▶ [Work instructions]
An exact transcription of each entry below is required, without any pictures.

Extracted data entries:
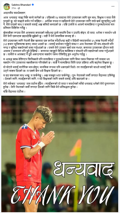 ‘म दृढ संकल्पका साथ भन्छु, म फर्कनेछु । पुनः नेपालको जर्सी लगाएर मैदानमा उत्रिनेछु । तपाईंहरूको यो मायाको साँचो धन्यवाद मेरो पुनरागमन नै हुनेछ,’ उनले प्रतिबद्धता जनाएकी छन् ।
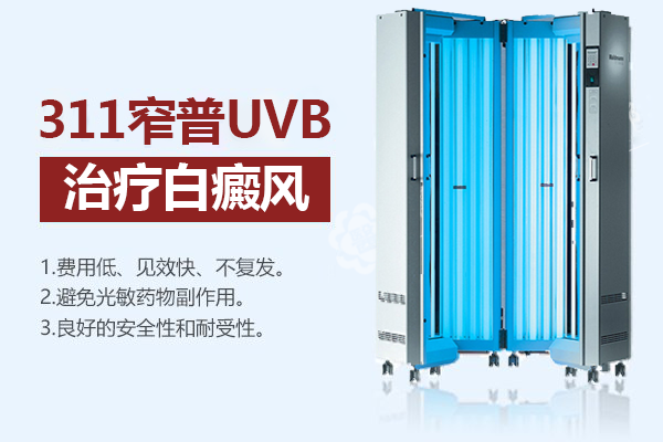 采用窄谱UVB(311nm)直接照射皮损,可诱导T细胞凋亡,刺激黑色素细胞的增殖和移行,激活酪氨酸酶的活性,使黑色素合成增加。同时,UVB具有免疫抑制作用,可使黑素细胞免受破坏,从而达到治疗白癜风的目的。
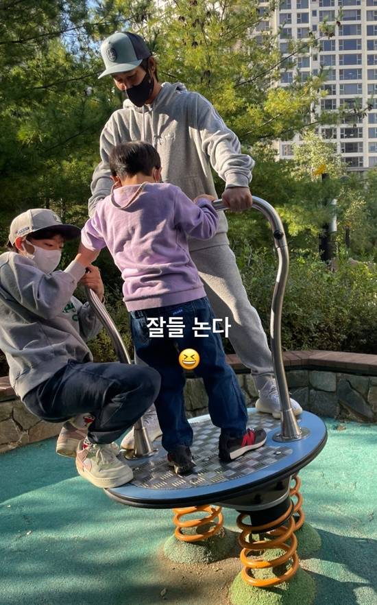 공개된 사진에는 정태우가 두 아들과 함께 놀이터에서 신나게 놀고 있는 모습.
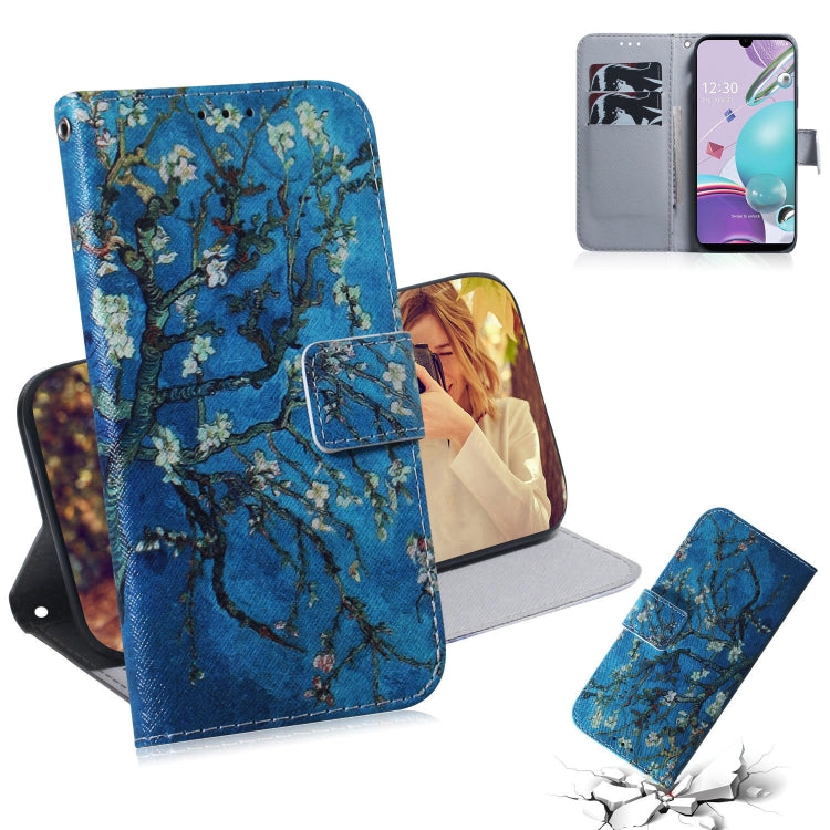 Funda de Cuero Abatible Horizontal para LG K31 Aristo 5 con Soporte, Ranuras para Tarjetas y Billetera (Flor de Albaricoque)
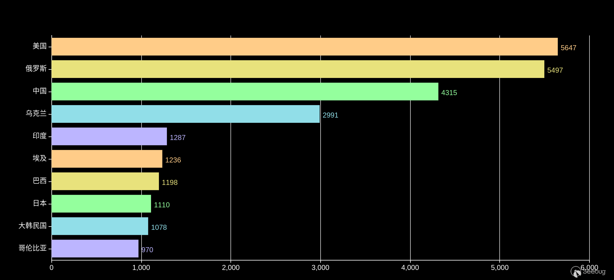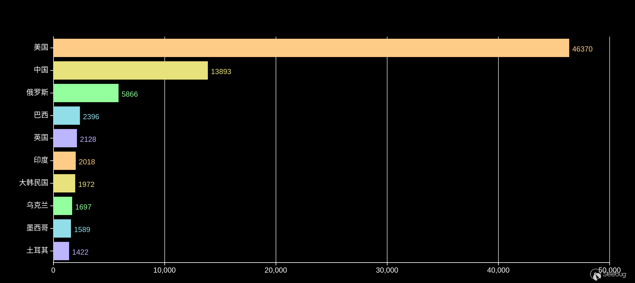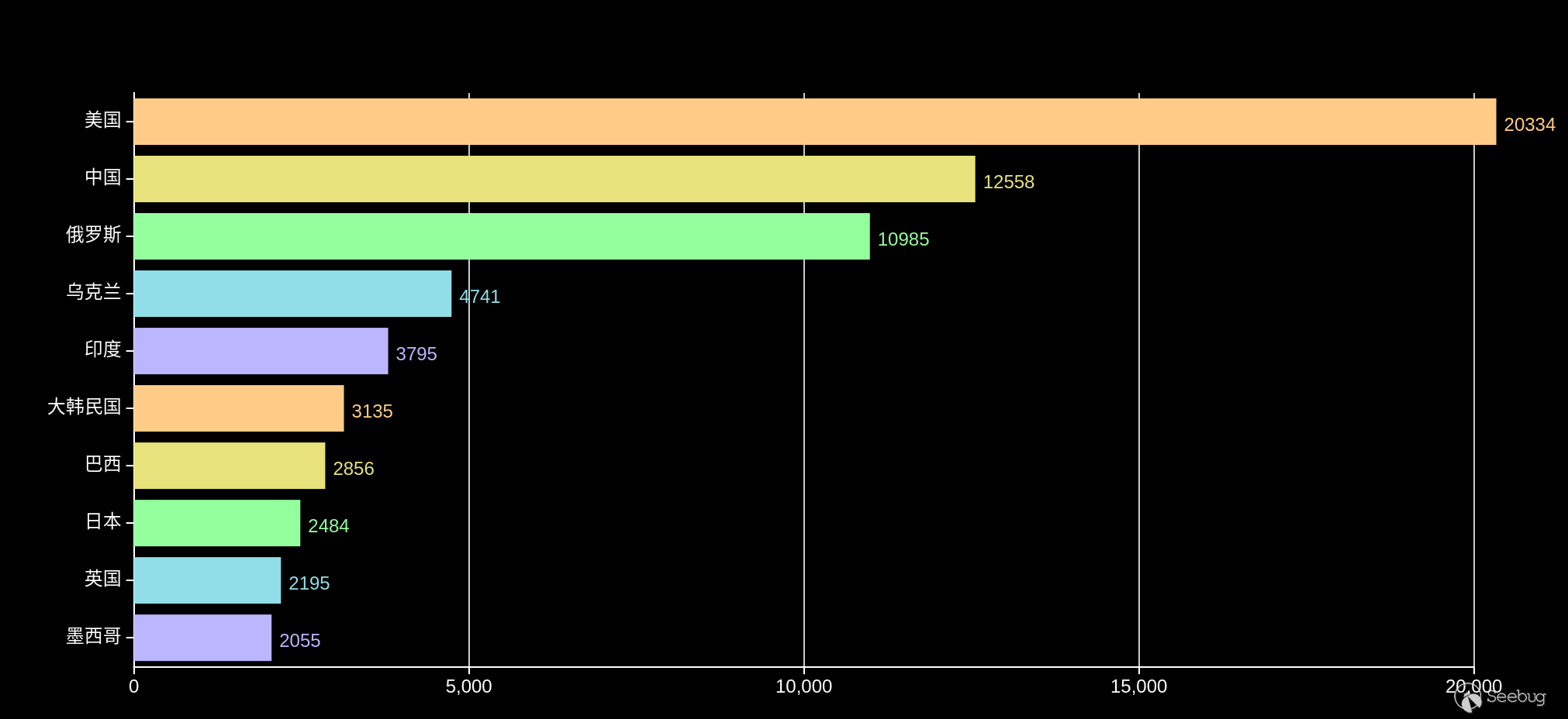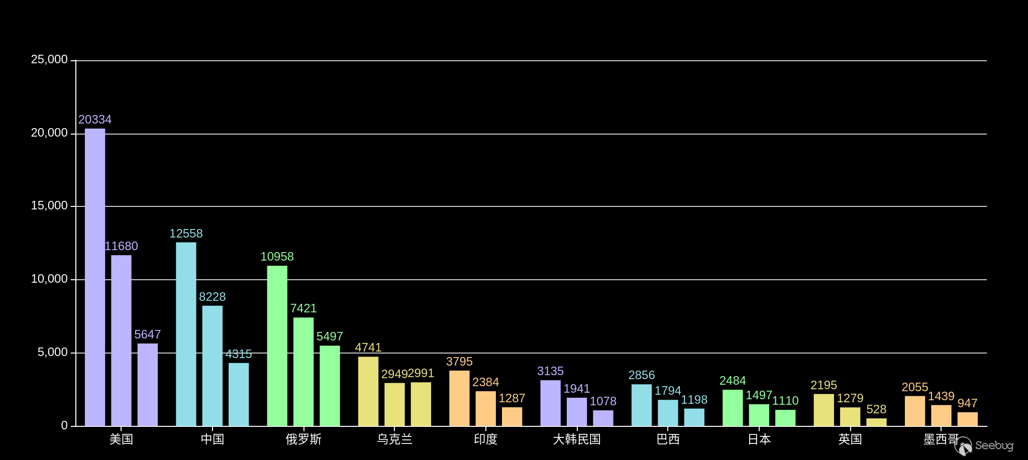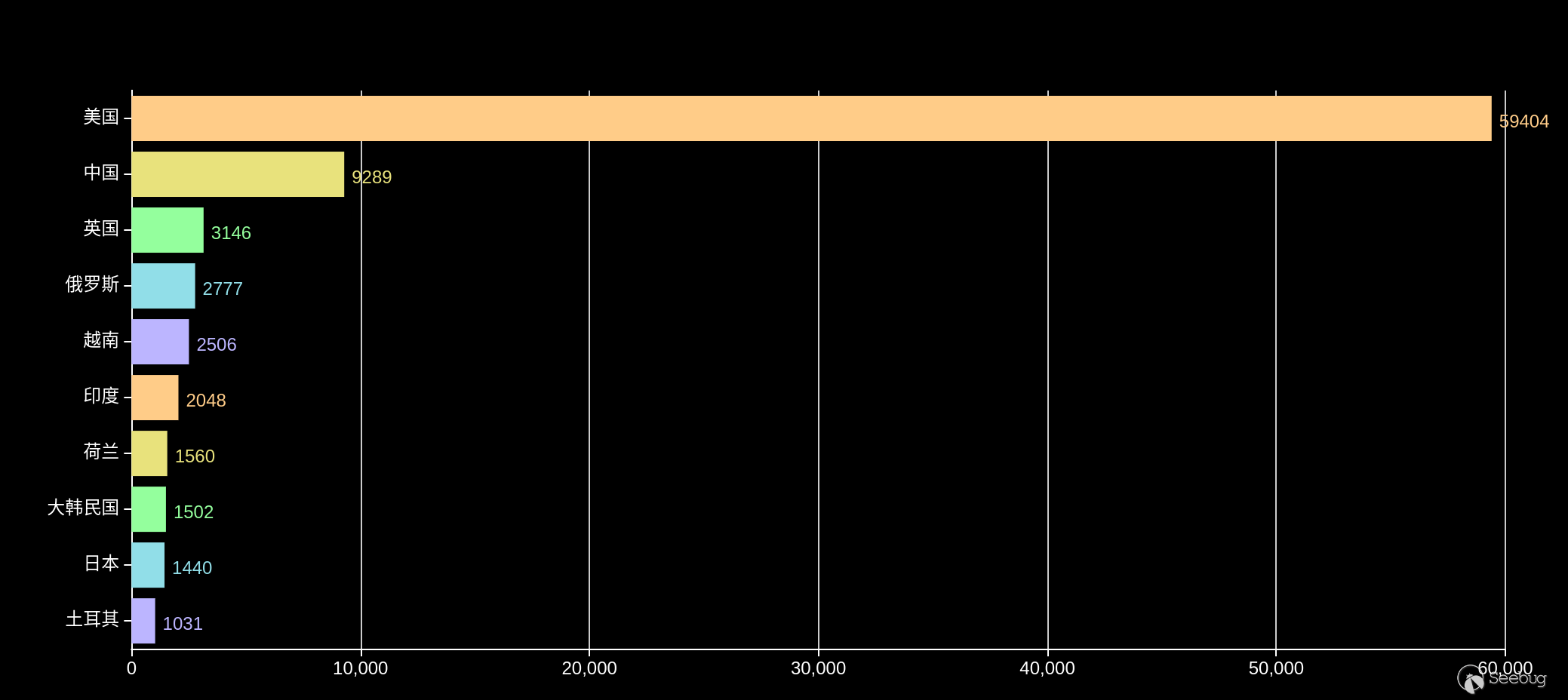 2017 年 5 月 2 日,第二輪針對 Doublepulsar 后門植入情況的探測結束,全球共有 107,163 臺設備被植入后門,其國家分布如下:
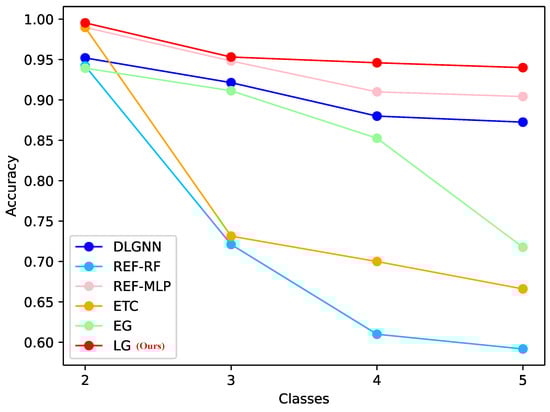 Figure 4. Model generalization on five IoV devices’ data collection. - Results: The experimental results in Table 4 show that L-GraphSAGE has a good ability to identify IoV devices in complex scenarios. Although RFE-RF was trained in , and its inference accuracy changed to 0% in and , its Recall and F1-score changed greatly. Compared with L-GraphSAGE’s training and inference results in the same environment, L-GraphSAGE’s training and inference in different environments are more stable. These experiments demonstrated that despite significant variations in the data collected by IoV in different environments and the utilization of different servers for communication, the L-GraphSAGE method can achieve better identification of IoV applications by utilizing (IP, Port) information. For other comparison models, there is no strict correlation between flows, resulting in the loss of a strong relationship between the flows. As a consequence, recognition in the real world is not as good as the method we proposed. As the number of classes increases, although the recognition accuracy of the L-GraphSAGE model decreases, it exhibits more stability than other models. Nevertheless, overfitting and underfitting occurred in this experiment. Some studies [25,26,27] require large amounts of training data to avoid overfitting and underfitting. Therefore, we increased the amount of training data from 1G pcap to 2G pcap for each IoV graph to avoid overfitting and underfitting. Moreover, we applied dropout and batch normalization during both the training and inference phases to mitigate overfitting and improve model generalization.

▶ [Solution to the exercise]
 ‘म दृढ संकल्पका साथ भन्छु, म फर्कनेछु । पुनः नेपालको जर्सी लगाएर मैदानमा उत्रिनेछु । तपाईंहरूको यो मायाको साँचो धन्यवाद मेरो पुनरागमन नै हुनेछ,’ उनले प्रतिबद्धता जनाएकी छन् ।
 采用窄谱UVB(311nm)直接照射皮损,可诱导T细胞凋亡,刺激黑色素细胞的增殖和移行,激活酪氨酸酶的活性,使黑色素合成增加。同时,UVB具有免疫抑制作用,可使黑素细胞免受破坏,从而达到治疗白癜风的目的。
 공개된 사진에는 정태우가 두 아들과 함께 놀이터에서 신나게 놀고 있는 모습.
 Funda de Cuero Abatible Horizontal para LG K31 Aristo 5 con Soporte, Ranuras para Tarjetas y Billetera (Flor de Albaricoque)
 2017 年 5 月 2 日,第二輪針對 Doublepulsar 后門植入情況的探測結束,全球共有 107,163 臺設備被植入后門,其國家分布如下:
 Figure 4. Model generalization on five IoV devices’ data collection. - Results: The experimental results in Table 4 show that L-GraphSAGE has a good ability to identify IoV devices in complex scenarios. Although RFE-RF was trained in , and its inference accuracy changed to 0% in and , its Recall and F1-score changed greatly. Compared with L-GraphSAGE’s training and inference results in the same environment, L-GraphSAGE’s training and inference in different environments are more stable. These experiments demonstrated that despite significant variations in the data collected by IoV in different environments and the utilization of different servers for communication, the L-GraphSAGE method can achieve better identification of IoV applications by utilizing (IP, Port) information. For other comparison models, there is no strict correlation between flows, resulting in the loss of a strong relationship between the flows. As a consequence, recognition in the real world is not as good as the method we proposed. As the number of classes increases, although the recognition accuracy of the L-GraphSAGE model decreases, it exhibits more stability than other models. Nevertheless, overfitting and underfitting occurred in this experiment. Some studies [25,26,27] require large amounts of training data to avoid overfitting and underfitting. Therefore, we increased the amount of training data from 1G pcap to 2G pcap for each IoV graph to avoid overfitting and underfitting. Moreover, we applied dropout and batch normalization during both the training and inference phases to mitigate overfitting and improve model generalization.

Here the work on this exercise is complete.